■ Data block
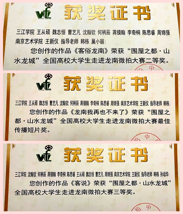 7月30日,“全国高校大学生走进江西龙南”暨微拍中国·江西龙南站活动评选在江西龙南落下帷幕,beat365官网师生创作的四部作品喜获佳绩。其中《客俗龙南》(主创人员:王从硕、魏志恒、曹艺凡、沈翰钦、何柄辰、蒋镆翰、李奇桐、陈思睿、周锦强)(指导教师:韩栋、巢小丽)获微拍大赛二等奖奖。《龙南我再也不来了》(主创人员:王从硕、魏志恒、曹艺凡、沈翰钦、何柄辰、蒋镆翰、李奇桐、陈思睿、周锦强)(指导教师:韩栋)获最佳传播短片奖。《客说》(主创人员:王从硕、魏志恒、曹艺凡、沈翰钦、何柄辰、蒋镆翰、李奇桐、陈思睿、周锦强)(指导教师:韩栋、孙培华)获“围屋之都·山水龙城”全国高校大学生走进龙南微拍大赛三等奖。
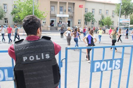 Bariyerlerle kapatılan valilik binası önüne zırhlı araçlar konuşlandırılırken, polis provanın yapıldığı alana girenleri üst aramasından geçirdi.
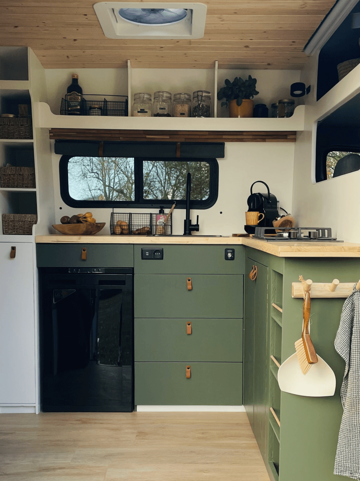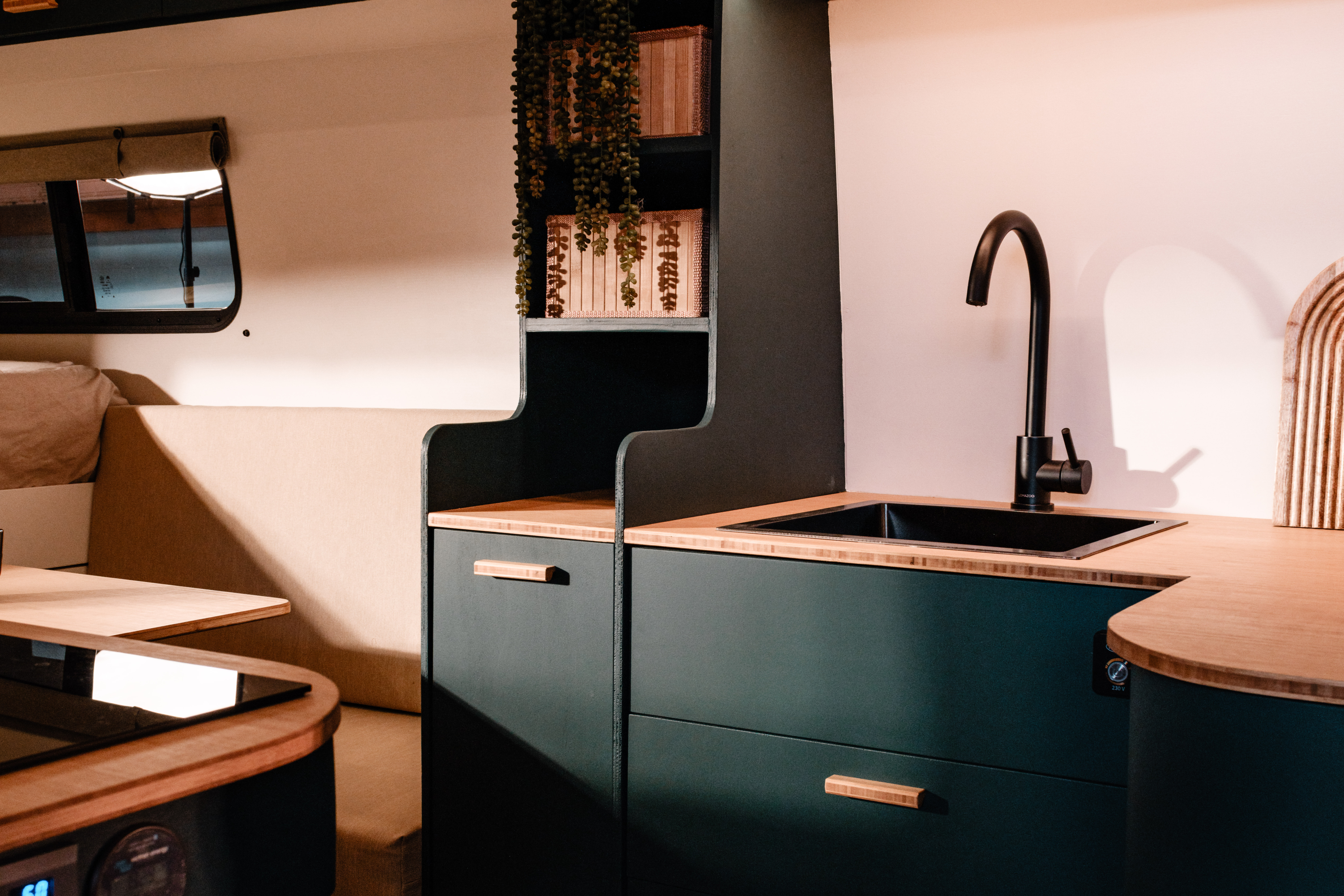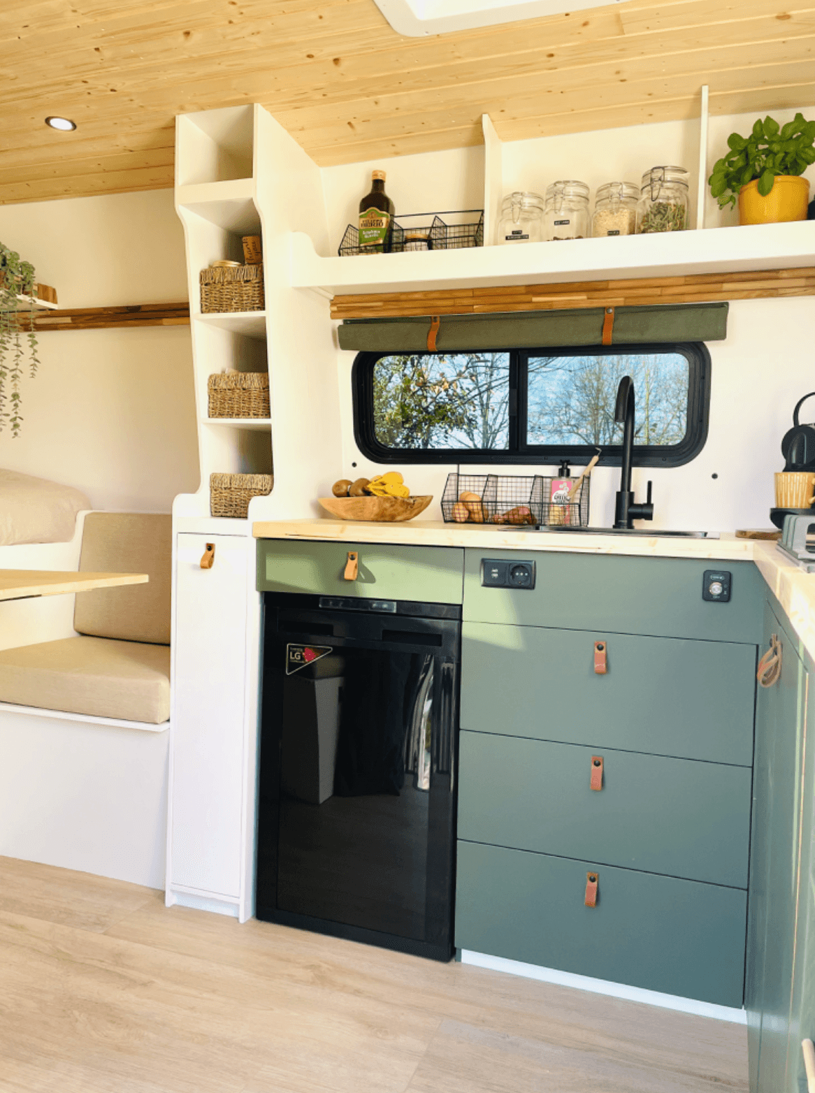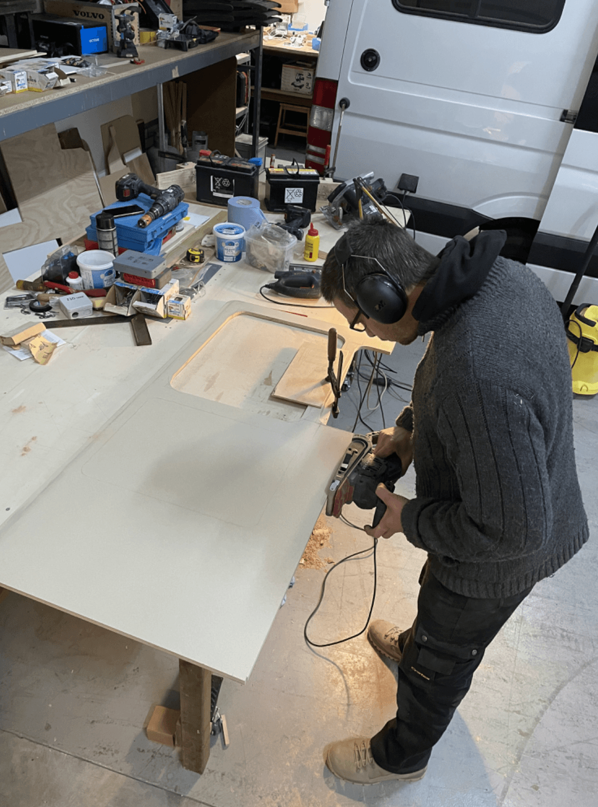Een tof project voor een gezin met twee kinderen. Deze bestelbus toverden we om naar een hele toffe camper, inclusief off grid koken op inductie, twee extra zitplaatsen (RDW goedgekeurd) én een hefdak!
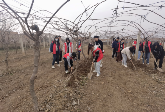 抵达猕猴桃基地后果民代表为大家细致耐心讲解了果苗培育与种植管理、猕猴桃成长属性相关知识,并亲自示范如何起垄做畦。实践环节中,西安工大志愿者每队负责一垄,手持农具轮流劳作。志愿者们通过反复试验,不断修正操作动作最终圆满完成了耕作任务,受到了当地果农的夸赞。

■ To do
The listing above must be repeated exactly. Its pictures are not part of the copy.

■ Solution to the problem
 7月30日,“全国高校大学生走进江西龙南”暨微拍中国·江西龙南站活动评选在江西龙南落下帷幕,beat365官网师生创作的四部作品喜获佳绩。其中《客俗龙南》(主创人员:王从硕、魏志恒、曹艺凡、沈翰钦、何柄辰、蒋镆翰、李奇桐、陈思睿、周锦强)(指导教师:韩栋、巢小丽)获微拍大赛二等奖奖。《龙南我再也不来了》(主创人员:王从硕、魏志恒、曹艺凡、沈翰钦、何柄辰、蒋镆翰、李奇桐、陈思睿、周锦强)(指导教师:韩栋)获最佳传播短片奖。《客说》(主创人员:王从硕、魏志恒、曹艺凡、沈翰钦、何柄辰、蒋镆翰、李奇桐、陈思睿、周锦强)(指导教师:韩栋、孙培华)获“围屋之都·山水龙城”全国高校大学生走进龙南微拍大赛三等奖。
 Bariyerlerle kapatılan valilik binası önüne zırhlı araçlar konuşlandırılırken, polis provanın yapıldığı alana girenleri üst aramasından geçirdi.
Een tof project voor een gezin met twee kinderen. Deze bestelbus toverden we om naar een hele toffe camper, inclusief off grid koken op inductie, twee extra zitplaatsen (RDW goedgekeurd) én een hefdak!
 抵达猕猴桃基地后果民代表为大家细致耐心讲解了果苗培育与种植管理、猕猴桃成长属性相关知识,并亲自示范如何起垄做畦。实践环节中,西安工大志愿者每队负责一垄,手持农具轮流劳作。志愿者们通过反复试验,不断修正操作动作最终圆满完成了耕作任务,受到了当地果农的夸赞。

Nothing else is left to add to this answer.